Records provided Block Start

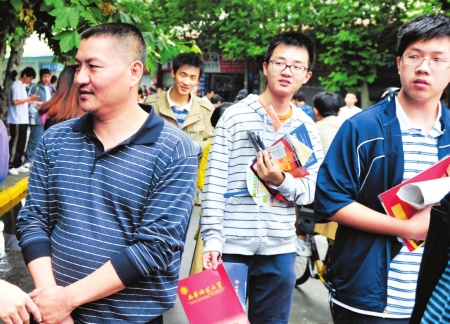 對下午的數(shù)學,他也感覺發(fā)揮得不太好。“2002年考了70多分,2006年考了50多分,今年還說不清楚!睆土晻r他在英語上下了不少功夫,希望今天的考試能夠再順一些。
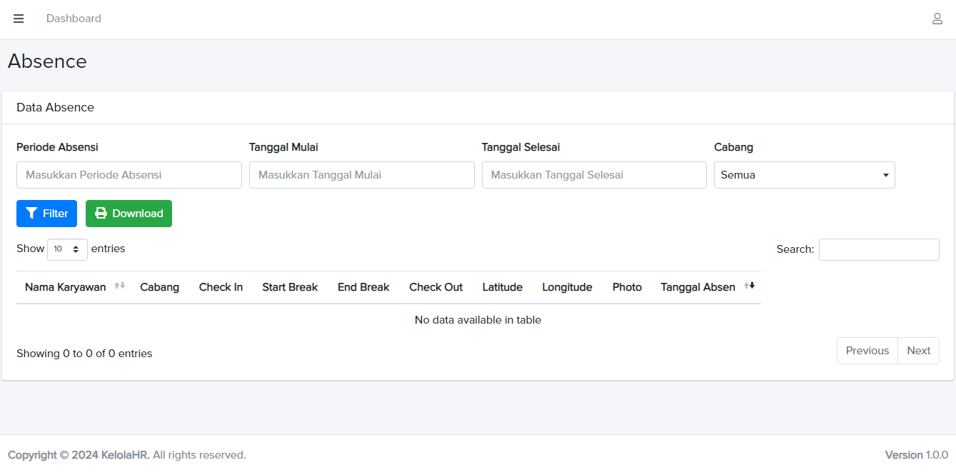 Sistem akan mengunduh data absensi berdasarkan filter yang telah Anda tentukan (periode, tanggal, dan cabang).
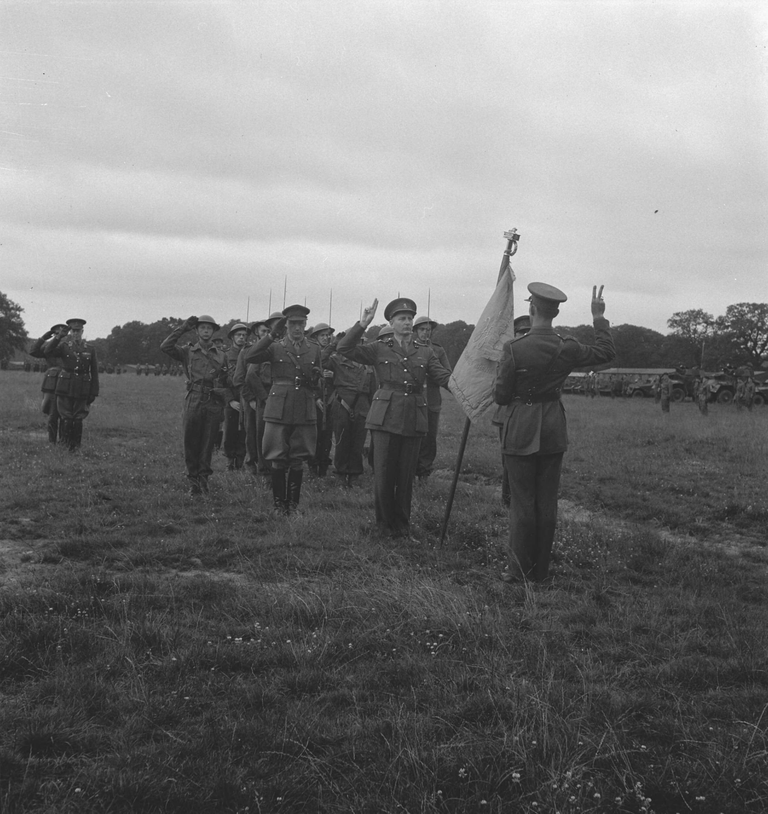 Prinses Irene Brigade. "58. A newly appointed officer being sworn in". Een nieuw benoemde officier legt de eed af
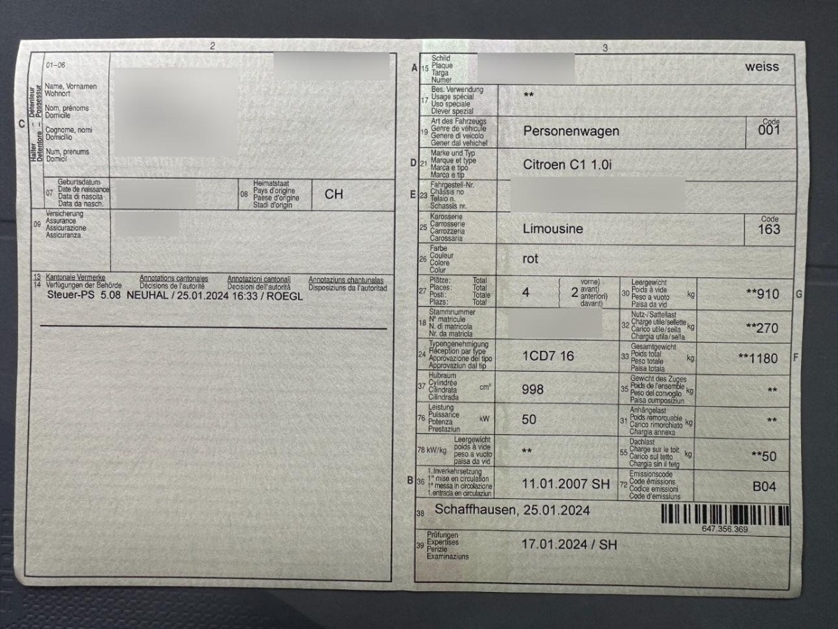| Fahrzeugausweis | Vorhanden |
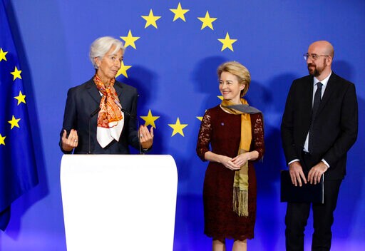 FRANKFURT, Germany (AP) — New European Central Bank President Christine Lagarde says that growth “remains weak” in the 19 countries that use the euro but gave no indication that she was contemplating more stimulus, saying the measures enacted under her predecessor were supporting the economy.
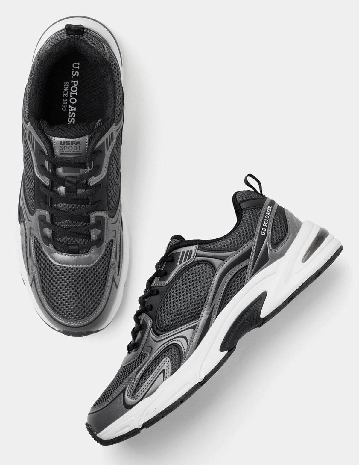 | Round toe | Central lacing | Panelled upper with logo | Padded top line | Reinforced heel counter | Cushioned insole | Textured outsole | Colourblocked pattern |
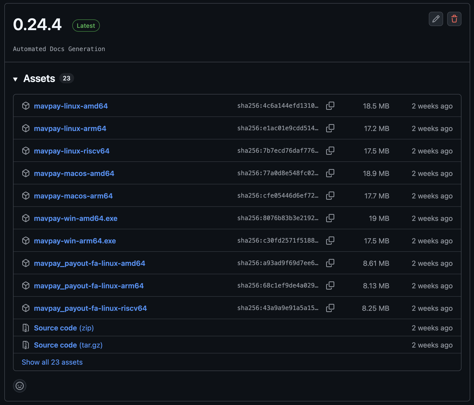 Download the software from Github using the link: https://github.com/mavryk-network/mavpay/releases. In this repository, select the correct operating system and system architecture (arm64 or amd64). For this example we will be using arm64
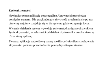 Większość aplikacji zawiera kilka różnych aktywności, kiedy tworzona
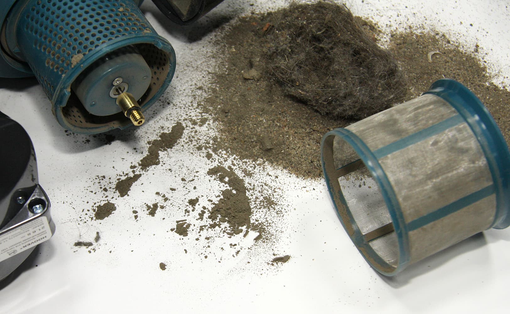 Вращение сетки явно способствовало тому, что мусор сваливался вниз, а не налипал на сетку, как это обычно бывает у пылесосов с традиционным циклонным фильтром. Постмоторный фильтр задержал много пыли и мелких волокон. Видно, что часть мелкой пыли все же прошла через фильтр (воздух идет изнутри цилиндра фильтра наружу).
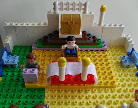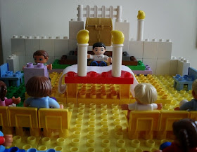 Depois da igreja que a Varinha construiu, há tempos, com a minha ajuda, o Feitiço pediu-me ajuda para construir uma igreja (a bem da verdade, ele pediu-me foi para o ajudar a construir uma "Missa"). Anteontem, como vos disse, fizemos o chão. Ontem, fizemos o resto. O resultado foi este:
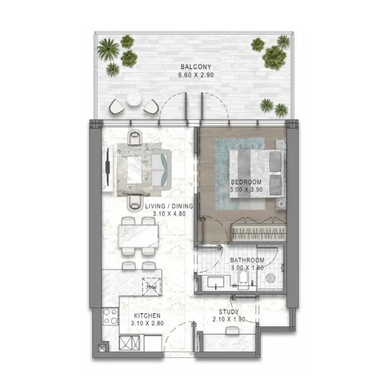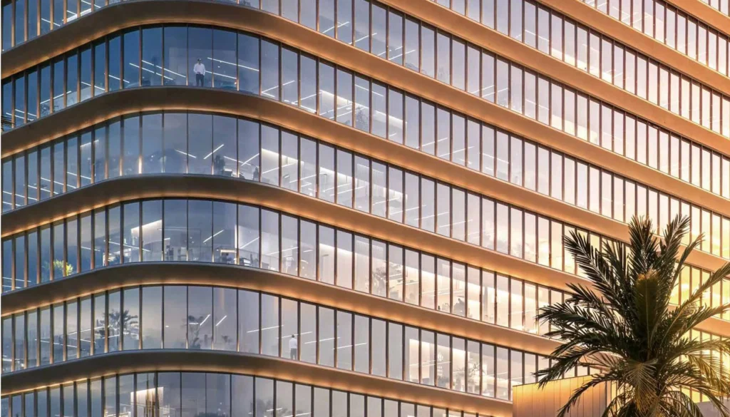 Prices start from approximately AED 1.1M (USD 300K) for 1BR apartments and AED 1.7M (USD 463K) for 2BR units. Office spaces start from AED 6.1M (USD 1.66M), depending on layout and view.

Records provided Block End

**Work required:** Copy exactly, without pictures, the lines above from the one with "Prinses Irene Brigade." down to the one with "Fahrzeugausweis | Vorhanden |", inclusive.

**Answer box:**
 Prinses Irene Brigade. "58. A newly appointed officer being sworn in". Een nieuw benoemde officier legt de eed af
| Fahrzeugausweis | Vorhanden |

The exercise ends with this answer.